(Records supplied)
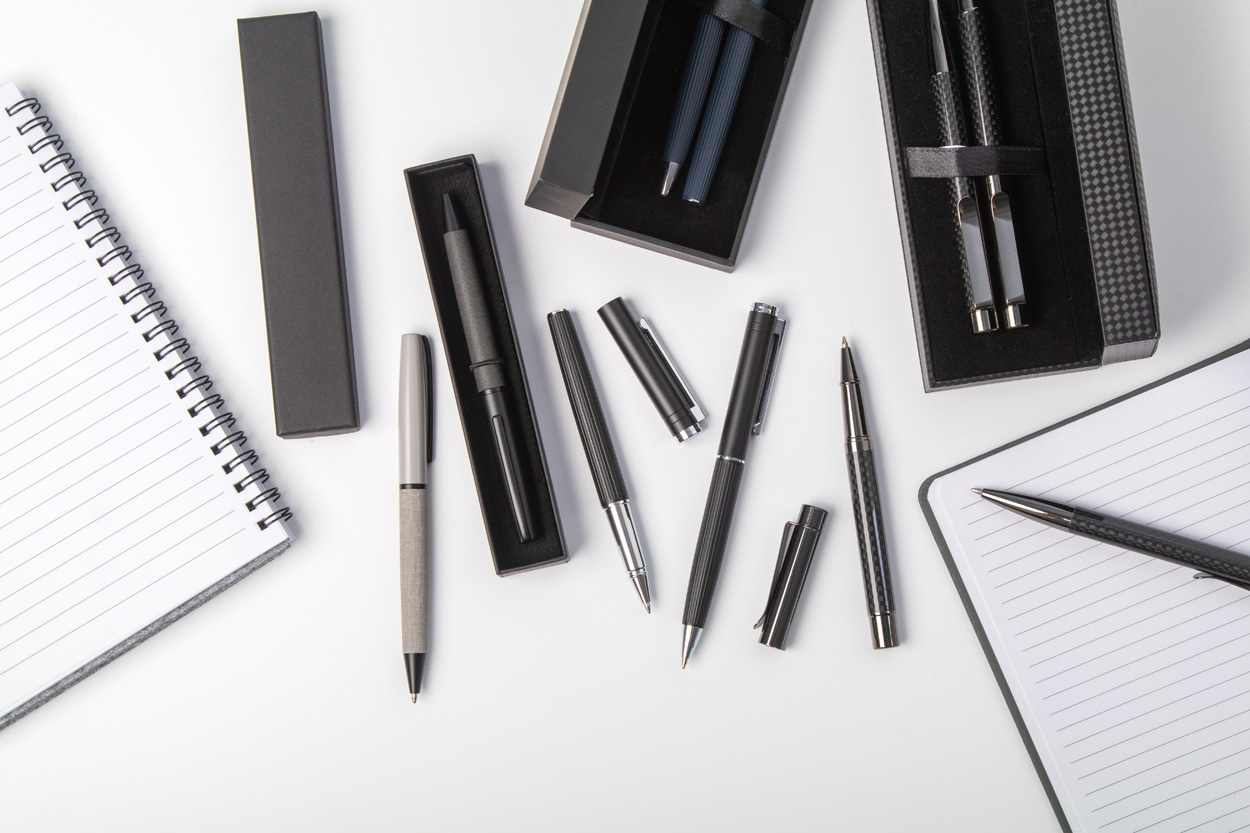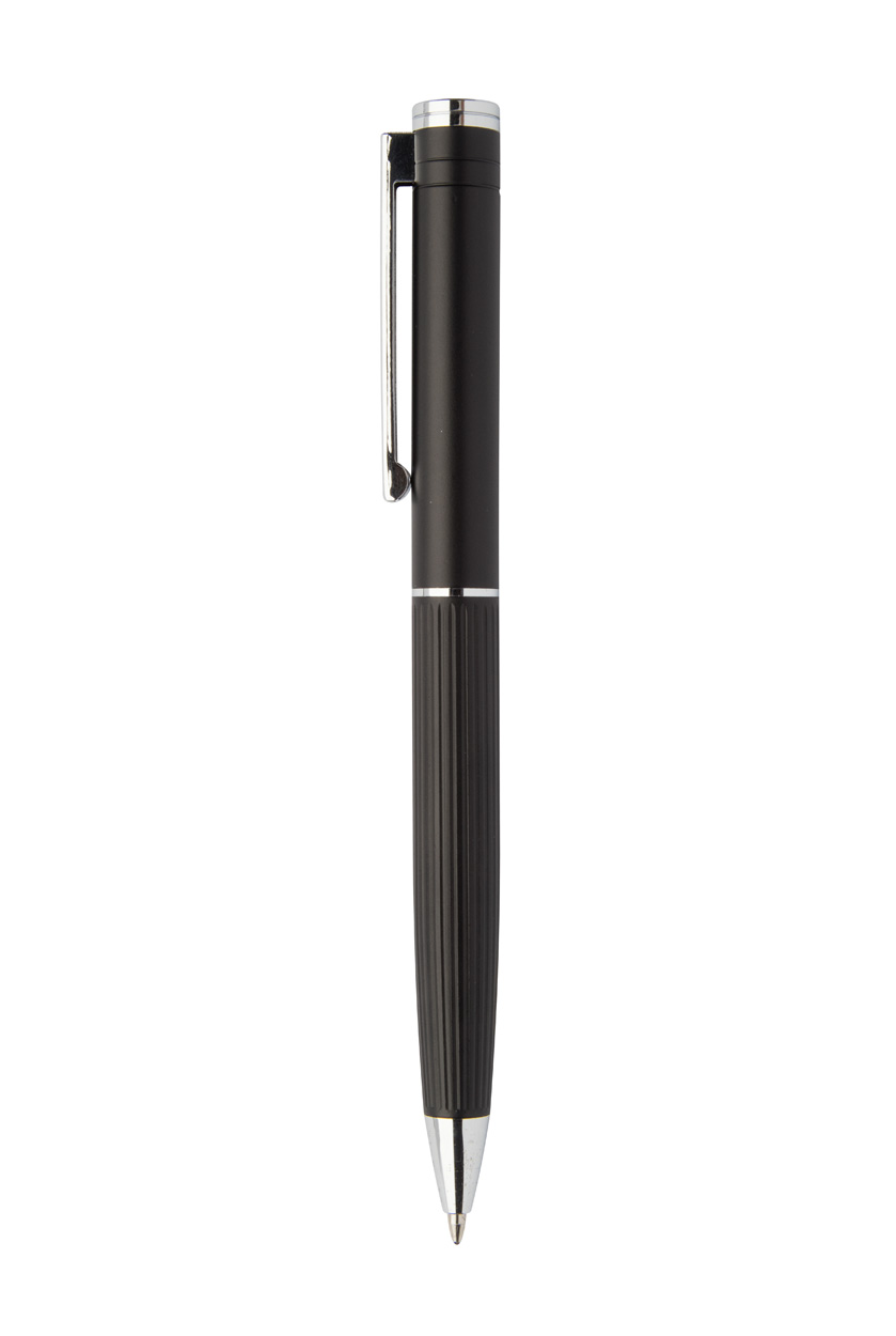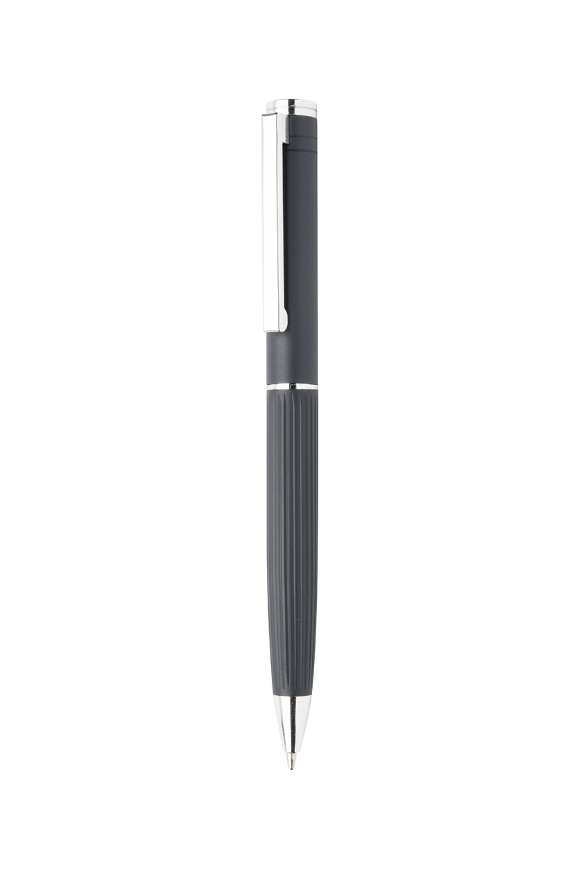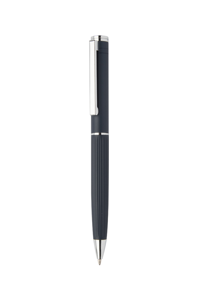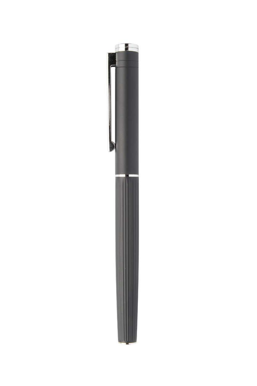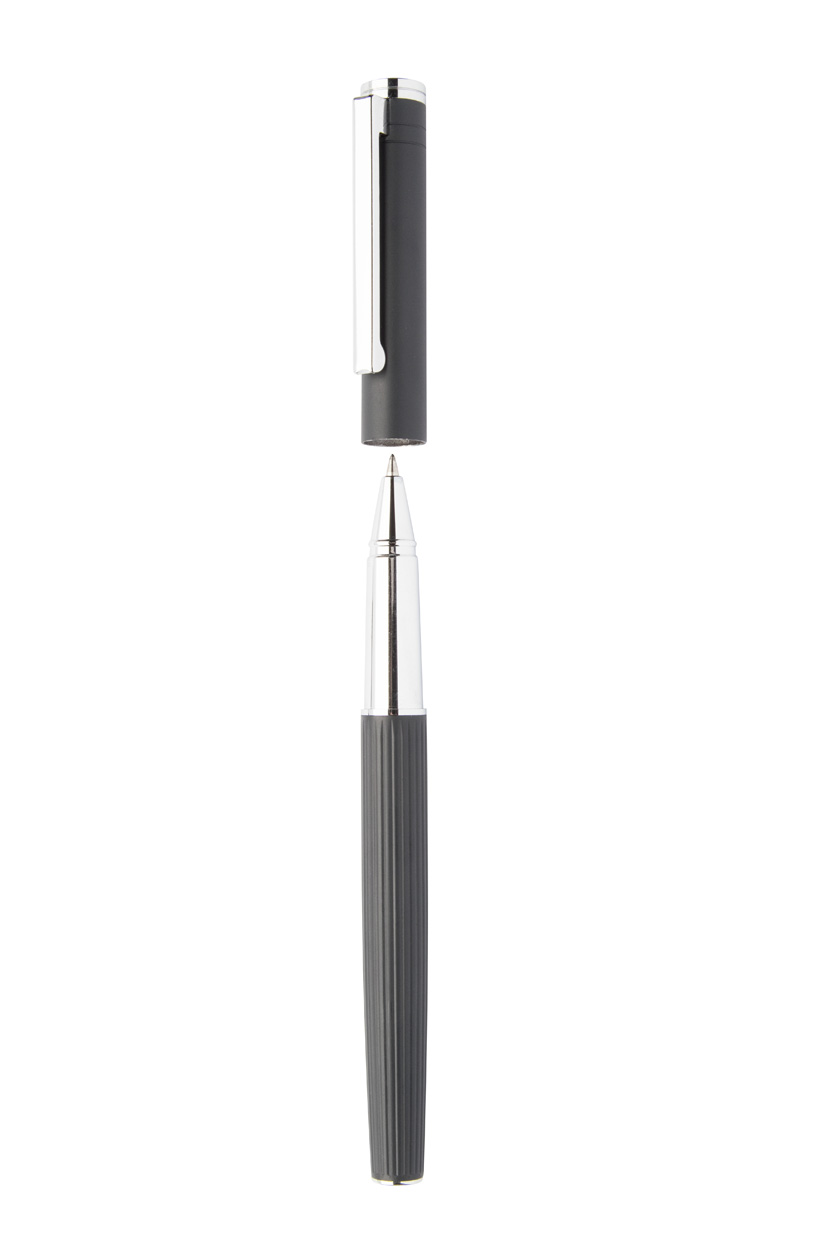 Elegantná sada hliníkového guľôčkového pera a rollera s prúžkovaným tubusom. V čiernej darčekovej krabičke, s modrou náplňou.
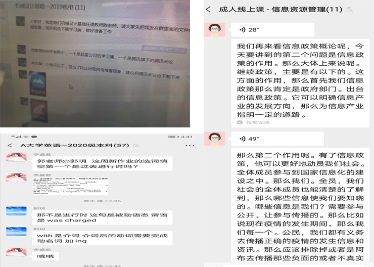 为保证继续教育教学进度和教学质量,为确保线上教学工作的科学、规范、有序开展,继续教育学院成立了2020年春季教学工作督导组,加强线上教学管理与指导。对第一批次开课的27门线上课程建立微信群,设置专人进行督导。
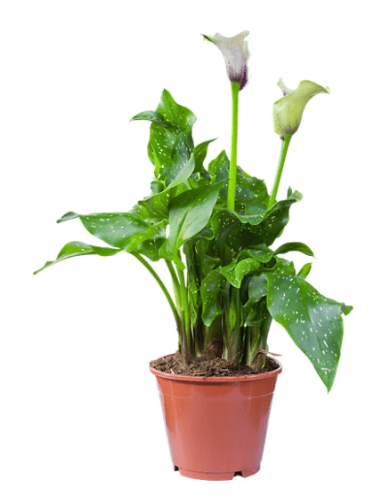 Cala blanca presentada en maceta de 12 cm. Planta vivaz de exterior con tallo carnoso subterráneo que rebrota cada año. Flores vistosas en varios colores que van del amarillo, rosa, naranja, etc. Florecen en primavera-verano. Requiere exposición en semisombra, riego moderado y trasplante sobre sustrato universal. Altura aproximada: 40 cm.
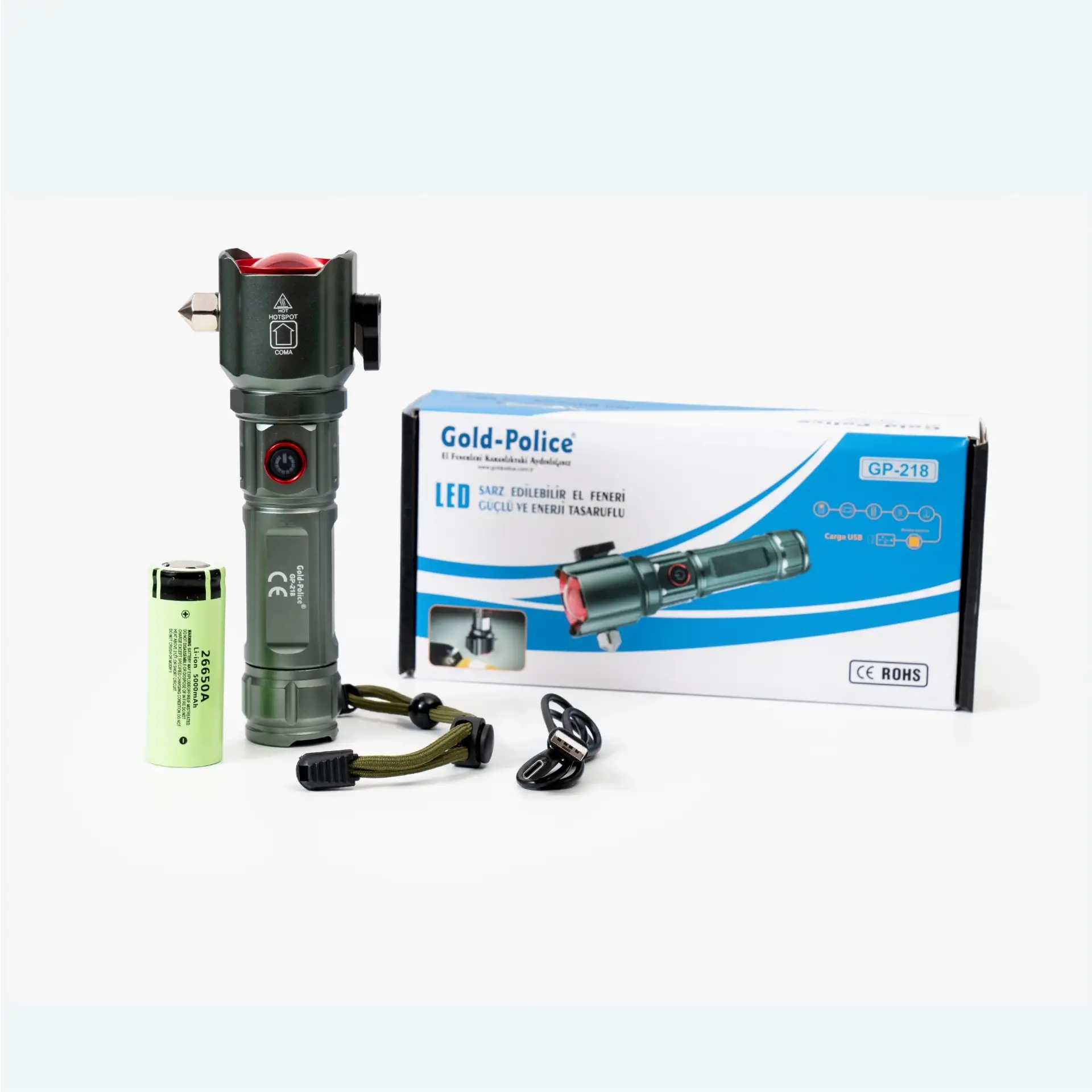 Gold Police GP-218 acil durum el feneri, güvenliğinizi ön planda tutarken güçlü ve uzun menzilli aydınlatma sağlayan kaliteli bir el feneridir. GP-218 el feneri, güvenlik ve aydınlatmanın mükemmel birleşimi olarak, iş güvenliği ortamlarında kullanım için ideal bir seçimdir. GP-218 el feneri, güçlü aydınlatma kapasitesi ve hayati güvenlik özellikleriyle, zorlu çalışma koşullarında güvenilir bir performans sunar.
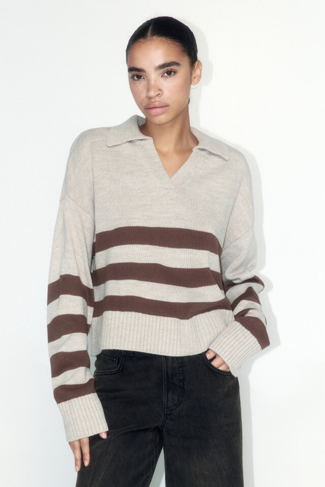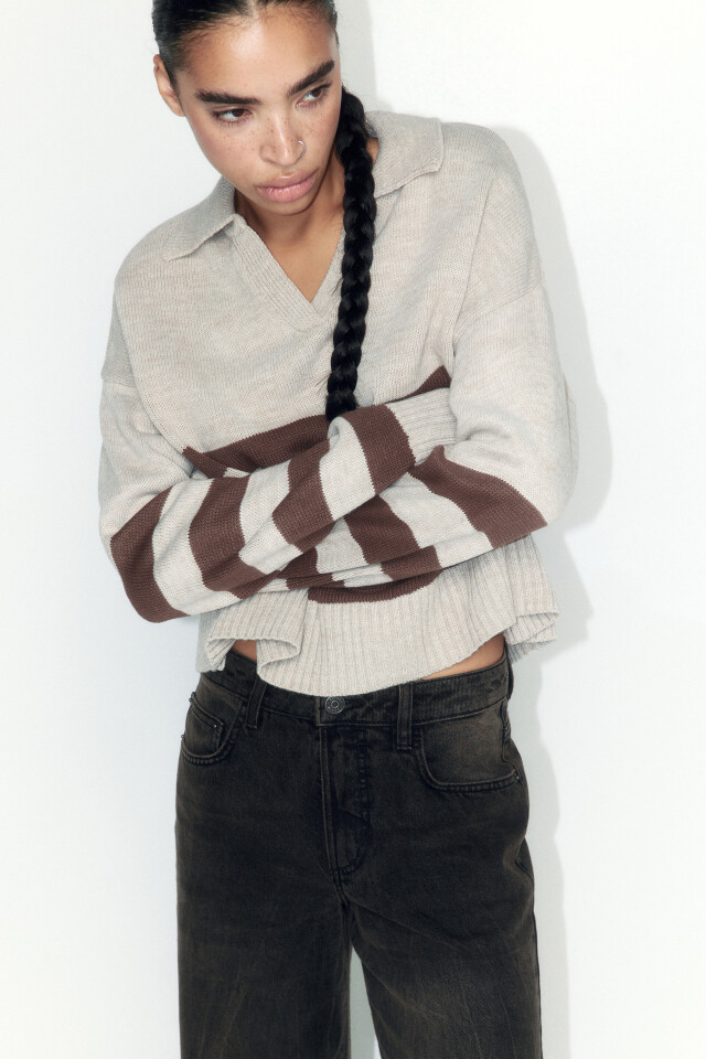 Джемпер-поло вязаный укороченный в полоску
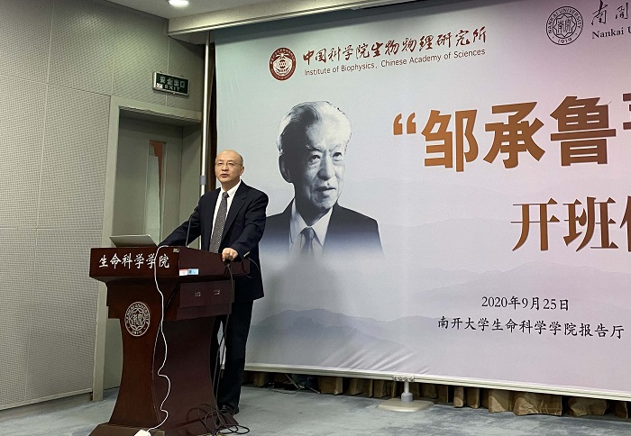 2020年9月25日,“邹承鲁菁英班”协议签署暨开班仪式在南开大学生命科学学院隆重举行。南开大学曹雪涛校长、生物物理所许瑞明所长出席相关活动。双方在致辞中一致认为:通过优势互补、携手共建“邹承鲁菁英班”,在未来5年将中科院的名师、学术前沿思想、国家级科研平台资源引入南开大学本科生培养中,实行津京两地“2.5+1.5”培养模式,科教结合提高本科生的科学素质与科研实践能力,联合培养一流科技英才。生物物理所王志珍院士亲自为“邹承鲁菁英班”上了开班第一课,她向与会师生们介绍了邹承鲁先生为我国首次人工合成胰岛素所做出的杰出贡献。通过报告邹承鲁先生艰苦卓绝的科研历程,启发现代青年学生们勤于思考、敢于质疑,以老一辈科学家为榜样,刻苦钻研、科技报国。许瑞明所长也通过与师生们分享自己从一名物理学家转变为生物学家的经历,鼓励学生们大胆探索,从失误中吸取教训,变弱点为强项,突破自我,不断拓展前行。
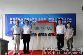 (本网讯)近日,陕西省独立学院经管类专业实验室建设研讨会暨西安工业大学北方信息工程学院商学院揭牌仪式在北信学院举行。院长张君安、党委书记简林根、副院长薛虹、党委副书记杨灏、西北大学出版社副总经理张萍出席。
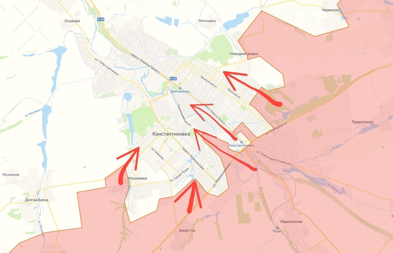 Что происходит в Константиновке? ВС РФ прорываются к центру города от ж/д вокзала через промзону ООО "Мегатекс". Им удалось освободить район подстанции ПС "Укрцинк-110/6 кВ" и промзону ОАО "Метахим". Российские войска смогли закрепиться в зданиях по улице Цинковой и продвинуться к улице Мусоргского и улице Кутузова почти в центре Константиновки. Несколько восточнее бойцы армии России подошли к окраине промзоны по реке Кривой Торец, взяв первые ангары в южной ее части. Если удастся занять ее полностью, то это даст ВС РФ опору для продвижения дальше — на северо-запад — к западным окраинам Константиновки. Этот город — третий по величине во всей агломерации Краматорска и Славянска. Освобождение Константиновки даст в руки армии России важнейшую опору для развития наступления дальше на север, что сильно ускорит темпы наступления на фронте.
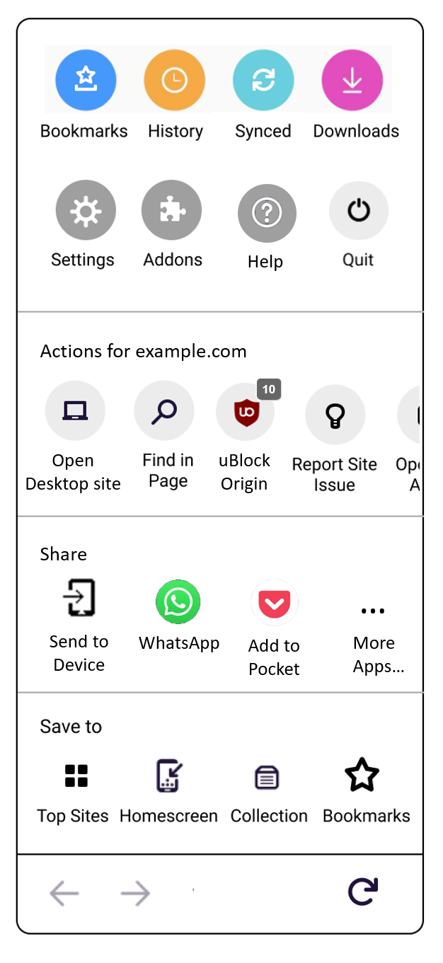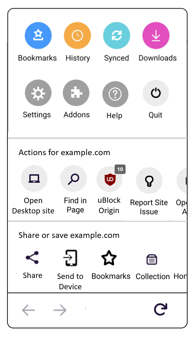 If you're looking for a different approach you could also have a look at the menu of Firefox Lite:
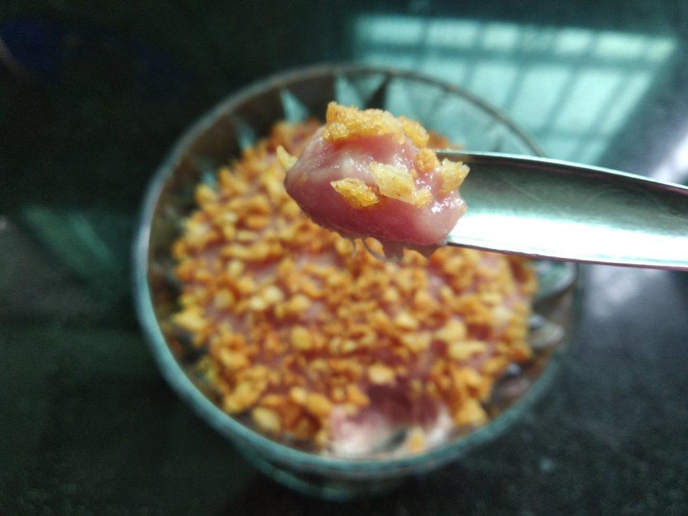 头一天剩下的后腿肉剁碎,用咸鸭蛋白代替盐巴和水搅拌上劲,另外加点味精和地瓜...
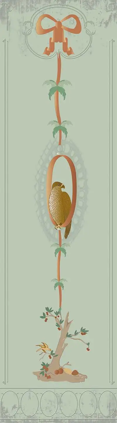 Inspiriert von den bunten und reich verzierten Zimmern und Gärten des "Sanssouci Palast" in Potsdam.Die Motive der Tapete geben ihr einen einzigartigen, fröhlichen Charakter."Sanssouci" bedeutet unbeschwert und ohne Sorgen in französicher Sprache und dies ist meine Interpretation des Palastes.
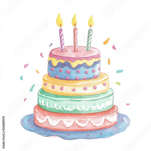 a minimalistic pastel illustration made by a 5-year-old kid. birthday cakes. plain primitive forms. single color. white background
(End Records supplied)
__What is needed__
Return the whole listing word for word. Pictures stay out of it.

__Answer for the task__
 Elegantná sada hliníkového guľôčkového pera a rollera s prúžkovaným tubusom. V čiernej darčekovej krabičke, s modrou náplňou.
 为保证继续教育教学进度和教学质量,为确保线上教学工作的科学、规范、有序开展,继续教育学院成立了2020年春季教学工作督导组,加强线上教学管理与指导。对第一批次开课的27门线上课程建立微信群,设置专人进行督导。
 Cala blanca presentada en maceta de 12 cm. Planta vivaz de exterior con tallo carnoso subterráneo que rebrota cada año. Flores vistosas en varios colores que van del amarillo, rosa, naranja, etc. Florecen en primavera-verano. Requiere exposición en semisombra, riego moderado y trasplante sobre sustrato universal. Altura aproximada: 40 cm.
 Gold Police GP-218 acil durum el feneri, güvenliğinizi ön planda tutarken güçlü ve uzun menzilli aydınlatma sağlayan kaliteli bir el feneridir. GP-218 el feneri, güvenlik ve aydınlatmanın mükemmel birleşimi olarak, iş güvenliği ortamlarında kullanım için ideal bir seçimdir. GP-218 el feneri, güçlü aydınlatma kapasitesi ve hayati güvenlik özellikleriyle, zorlu çalışma koşullarında güvenilir bir performans sunar.
 Джемпер-поло вязаный укороченный в полоску
 2020年9月25日,“邹承鲁菁英班”协议签署暨开班仪式在南开大学生命科学学院隆重举行。南开大学曹雪涛校长、生物物理所许瑞明所长出席相关活动。双方在致辞中一致认为:通过优势互补、携手共建“邹承鲁菁英班”,在未来5年将中科院的名师、学术前沿思想、国家级科研平台资源引入南开大学本科生培养中,实行津京两地“2.5+1.5”培养模式,科教结合提高本科生的科学素质与科研实践能力,联合培养一流科技英才。生物物理所王志珍院士亲自为“邹承鲁菁英班”上了开班第一课,她向与会师生们介绍了邹承鲁先生为我国首次人工合成胰岛素所做出的杰出贡献。通过报告邹承鲁先生艰苦卓绝的科研历程,启发现代青年学生们勤于思考、敢于质疑,以老一辈科学家为榜样,刻苦钻研、科技报国。许瑞明所长也通过与师生们分享自己从一名物理学家转变为生物学家的经历,鼓励学生们大胆探索,从失误中吸取教训,变弱点为强项,突破自我,不断拓展前行。
 (本网讯)近日,陕西省独立学院经管类专业实验室建设研讨会暨西安工业大学北方信息工程学院商学院揭牌仪式在北信学院举行。院长张君安、党委书记简林根、副院长薛虹、党委副书记杨灏、西北大学出版社副总经理张萍出席。
 Что происходит в Константиновке? ВС РФ прорываются к центру города от ж/д вокзала через промзону ООО "Мегатекс". Им удалось освободить район подстанции ПС "Укрцинк-110/6 кВ" и промзону ОАО "Метахим". Российские войска смогли закрепиться в зданиях по улице Цинковой и продвинуться к улице Мусоргского и улице Кутузова почти в центре Константиновки. Несколько восточнее бойцы армии России подошли к окраине промзоны по реке Кривой Торец, взяв первые ангары в южной ее части. Если удастся занять ее полностью, то это даст ВС РФ опору для продвижения дальше — на северо-запад — к западным окраинам Константиновки. Этот город — третий по величине во всей агломерации Краматорска и Славянска. Освобождение Константиновки даст в руки армии России важнейшую опору для развития наступления дальше на север, что сильно ускорит темпы наступления на фронте.
 If you're looking for a different approach you could also have a look at the menu of Firefox Lite:
 头一天剩下的后腿肉剁碎,用咸鸭蛋白代替盐巴和水搅拌上劲,另外加点味精和地瓜...
 Inspiriert von den bunten und reich verzierten Zimmern und Gärten des "Sanssouci Palast" in Potsdam.Die Motive der Tapete geben ihr einen einzigartigen, fröhlichen Charakter."Sanssouci" bedeutet unbeschwert und ohne Sorgen in französicher Sprache und dies ist meine Interpretation des Palastes.
 a minimalistic pastel illustration made by a 5-year-old kid. birthday cakes. plain primitive forms. single color. white background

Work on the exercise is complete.